The tough part of your requirement is when you say, “the systems have to operate by themselves in case of communications drop-outs, which we experience quite a bit.”

I don’t know the facilities well-enough to say whether this excludes the use of Windows’s authentication services or not.   Clearly, if it does not, then that is the approach that you want to take:   centralized management, with satisfactory means of operating in “off-line mode.”

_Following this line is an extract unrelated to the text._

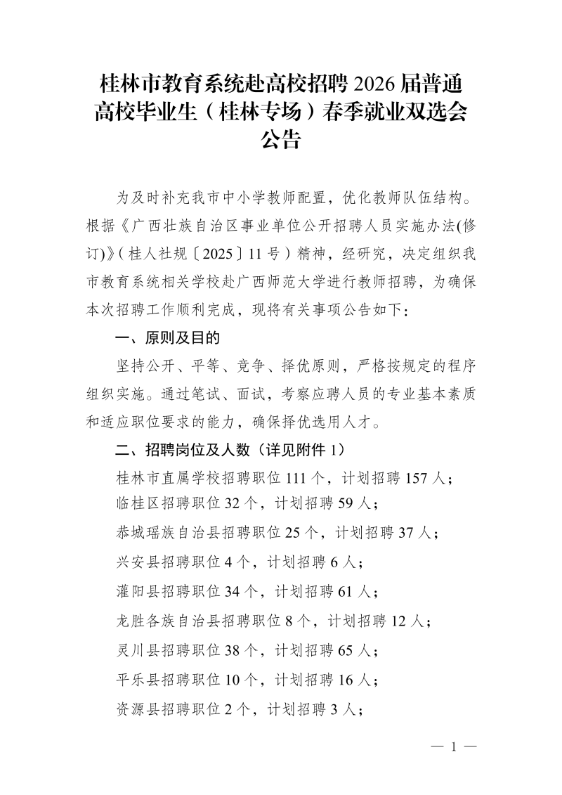 2026年桂林市教育系統(tǒng)赴高校招聘普通高校畢業(yè)生(桂林專場)春季就業(yè)雙選會招聘426人

Failing that, I would advocate the use of a cryptographically secure password-safe file which uses public-key cryptography ... and of course, a single Perl package whose sole responsibility is to know how to withdraw from that “safe” the strings that the application needs.   (In fact, I would build such a package anyway, in order to isolate the application from any future implementation changes.)   It goes without saying that you should use a strong, well-known, platform independent package here; not roll-your-own snake oil.

The central idea is that ... “the magic key is not in the source-code; merely the means for getting it.”   And those “means” only work properly wherever the application is actually installed.   If you don’t steal both pieces, you don’t have the magic key.   If you do steal them, you still can’t change them, so you can’t prevent the company, having detected your intrusion, from promptly and effectively locking you out again.   Furthermore, the company can re-issue keys (and can even issue different keys to different computers), and can easily change them from time to time, without touching the deployed source-code itself.   Conversely, they can change the deployed source-code whenever they need to, without disrupting the magic.